Let’s talk about distribution. Probability distribution is a function that provides the probabilities of occurrences of different possible outcomes of an event (this is the Wikipedia wording because it’s 7AM and I’m toast and I can’t word it myself).

When we say random variable X has the distribution f we shall denote X \sim f.

The dispersion of values clustered around X is denoted by variance of it, and is defined as:

    \[ \boldsymbol{Var}[X] = E[(X - \bar{X})^2] \]

Where \bar{X} is the mean, or average of X. I won’t insult your intelligence by defining the average. Geez!

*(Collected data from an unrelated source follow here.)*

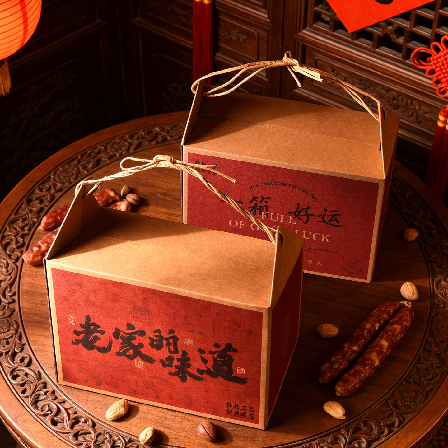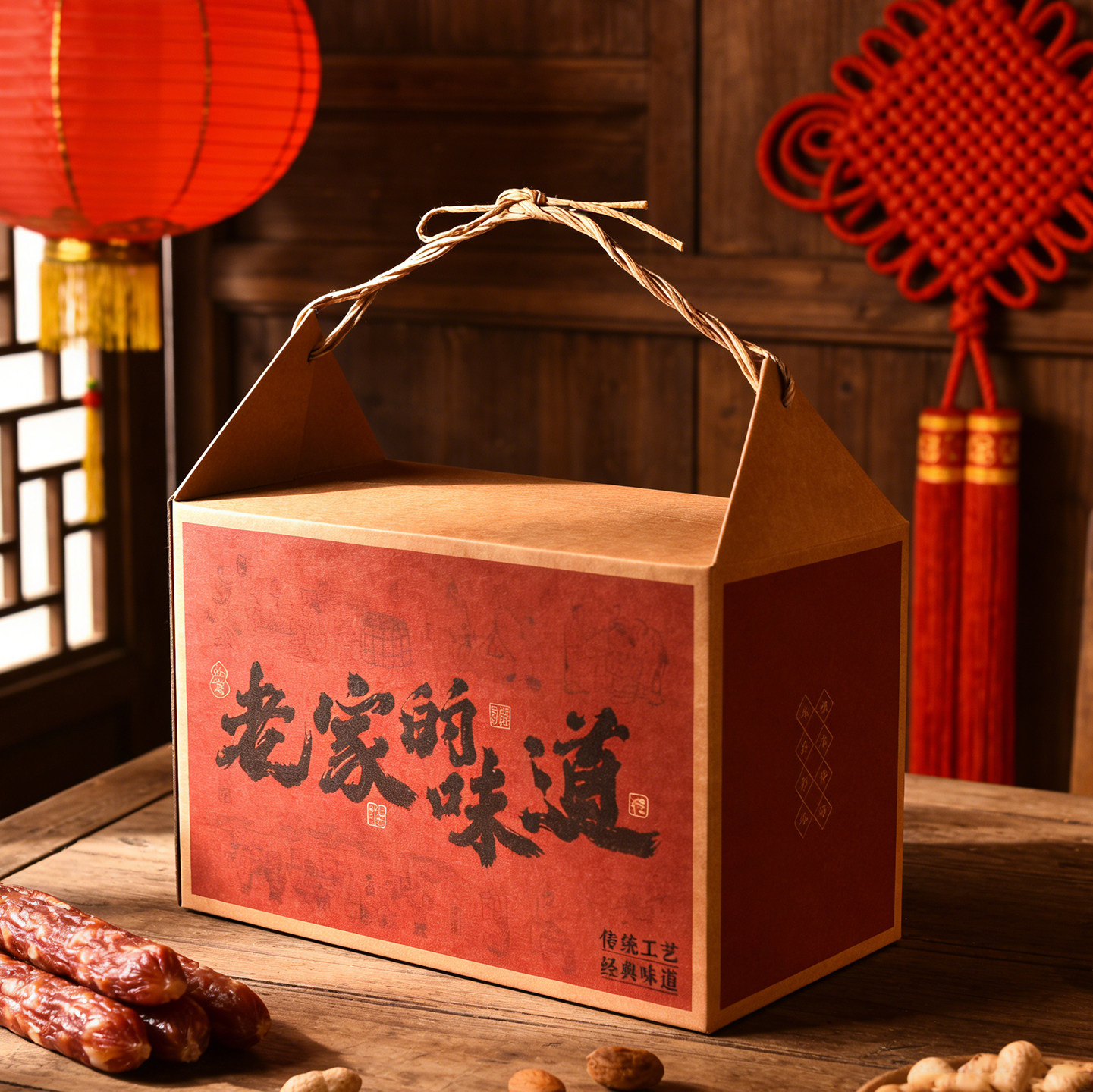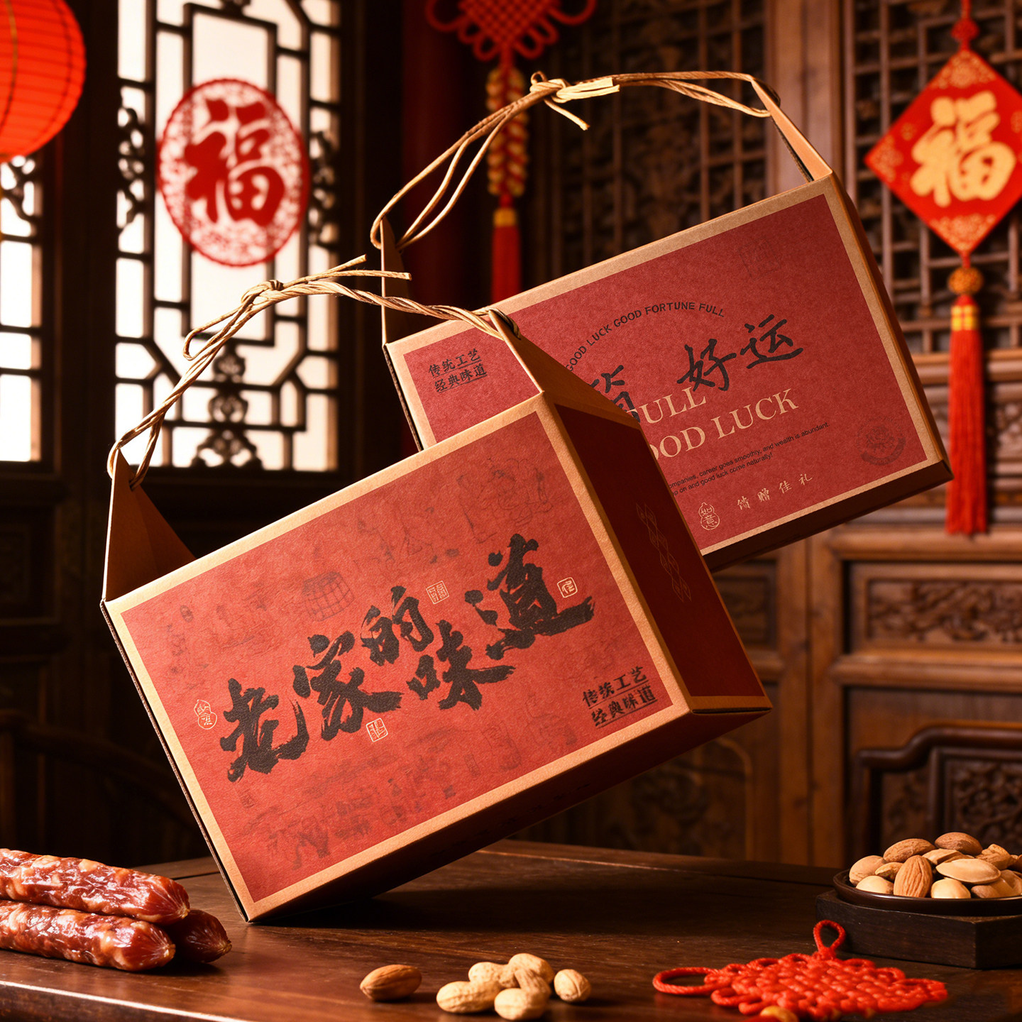 2026马年货礼品盒子腊肉熟食土特产春节新年手提包装盒礼盒空大盒
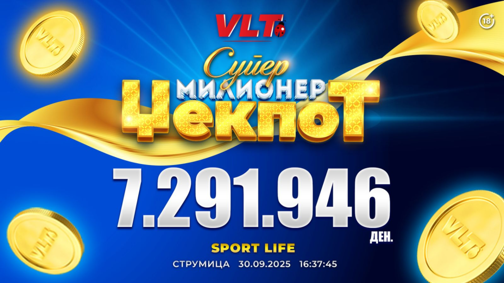 СУПЕР МИЛИОНЕР џекпотот е освоен на видеолотариските терминали кај нашиот деловен соработник Спортлајф Треид во Струмица.
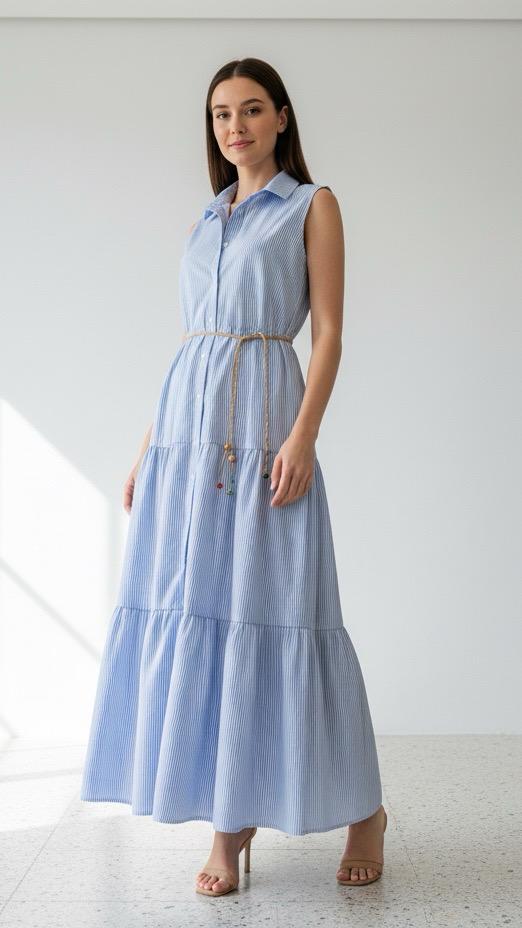 Chemisier in cotone a micro righe verticali. Collo a camicia e balze sulla gonna. Vestibilità dalla S alla L. Cintura con perline inclusa. La modella è alta 176 cm
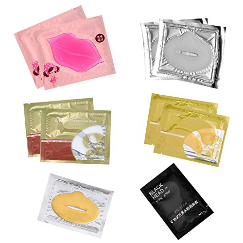 - Package includes: 2pc golden eye mask+ 2pc Collagen eye mask+ 2pc Collagen lip mask + 2pc Pink lip mask+ 1pc crystal lip mask + 1pc nose blackhead remove mask
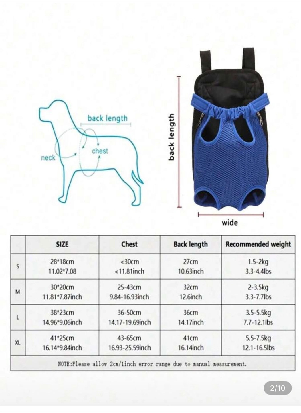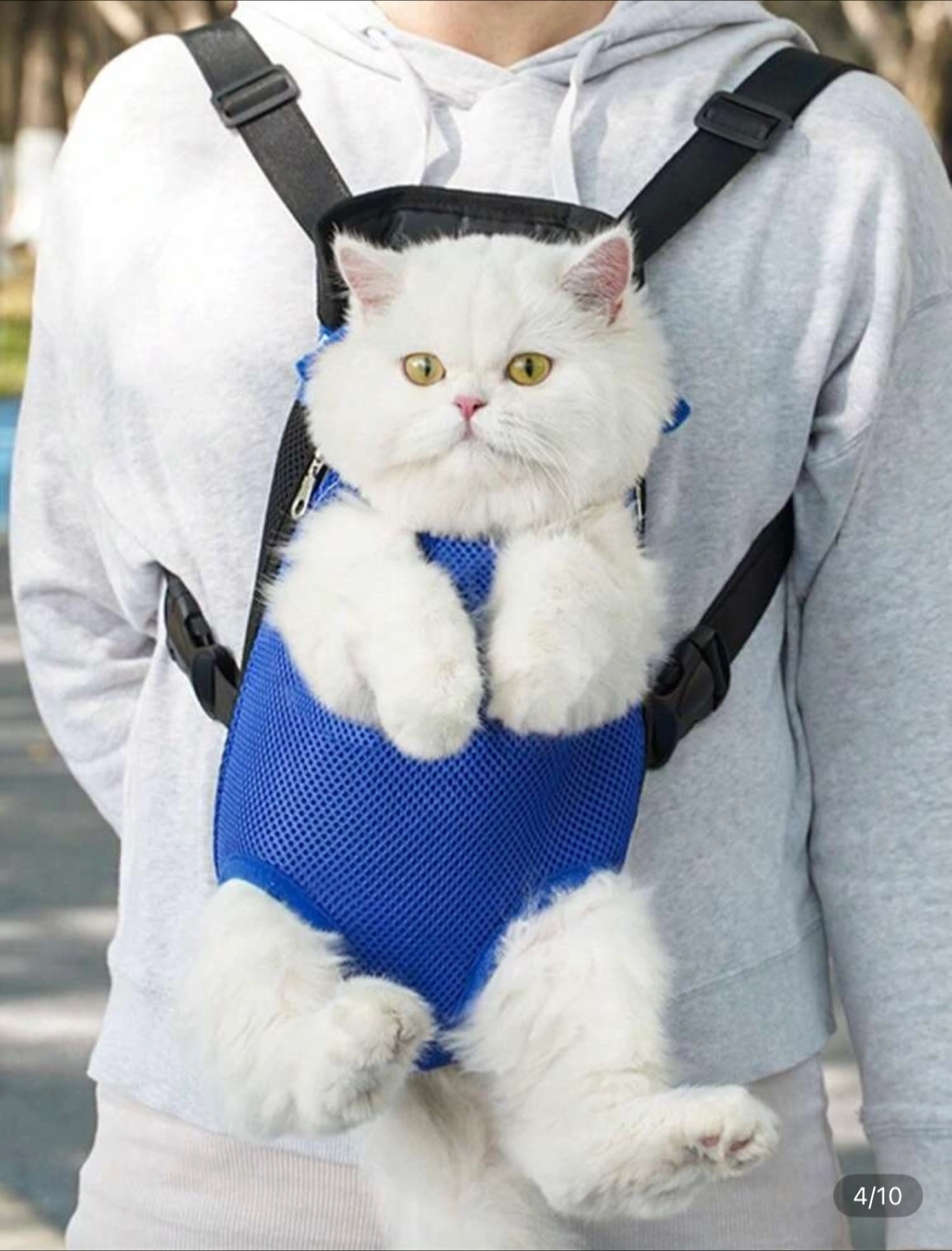 The backpack is blue and black, made with a mesh design for breathability and comfort. It has adjustable straps and is suitable for small to medium-sized pets
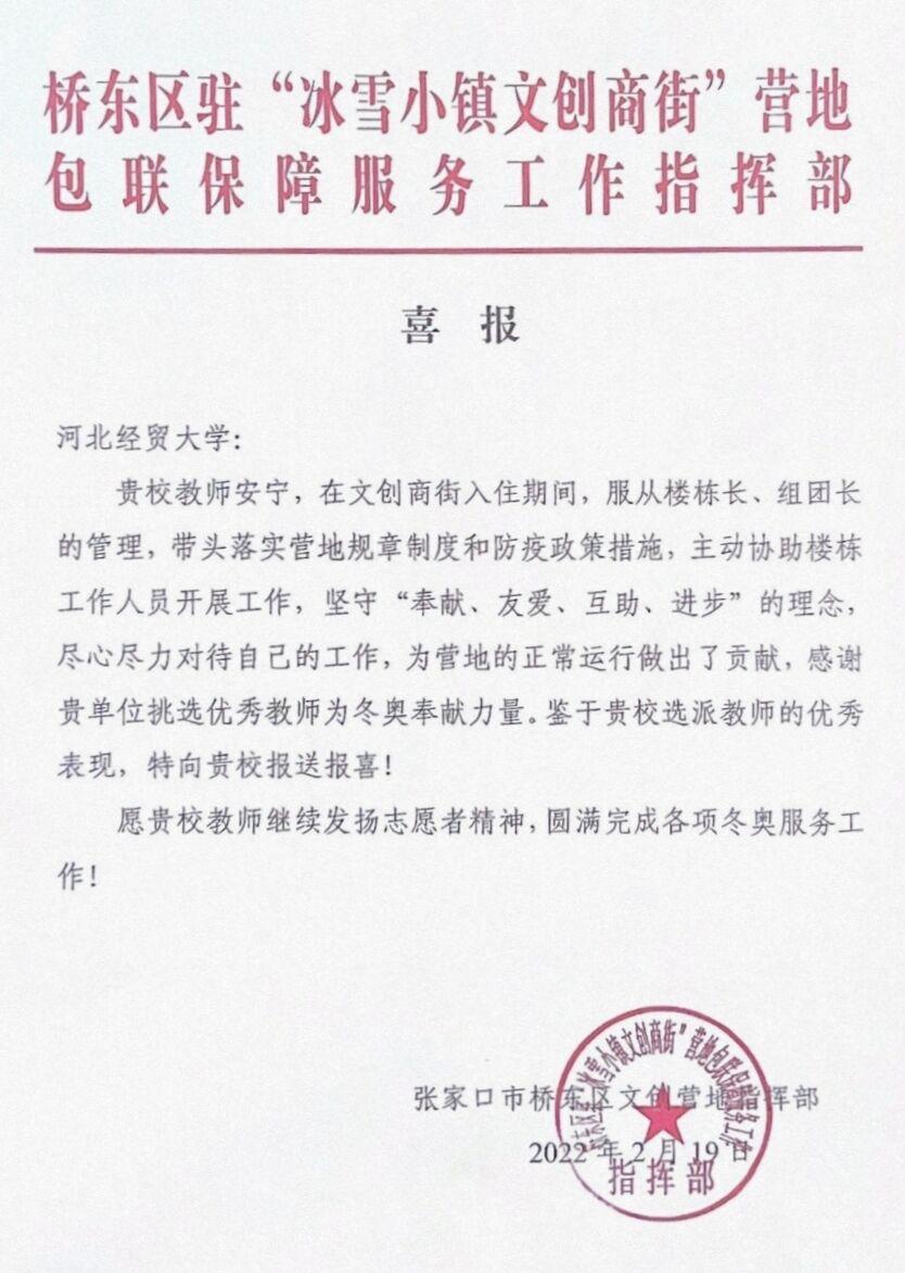 近日,张家口桥东区文创营地指挥部发来喜报,对成人直播 教师志愿者安宁在冬奥会志愿服务期间做出的贡献进行表彰。

\sqrt{\boldsymbol{Var}} is called standard deviation. The random variables X and Y are called independent if:

    \[ Pr\{X = x \text{ and } Y = y\} = Pr\{X = x\}.Pr\{Y = y\} \]

The important properties of independent random variables are:

1)

    \[ E[XY] = E[X]E[Y] \]

2)

    \[ \boldsymbol{Var}[X + Y] = \boldsymbol{Var}[X] + \boldsymbol{Var}[Y] \]

When I started talking about probability, I talked about continuous probability vs. discrete probability. We covered discrete probability. Now to cover the difference between continuous probability and discrete probability:

1) Values are continuous. Meaning that the numbers are infinite.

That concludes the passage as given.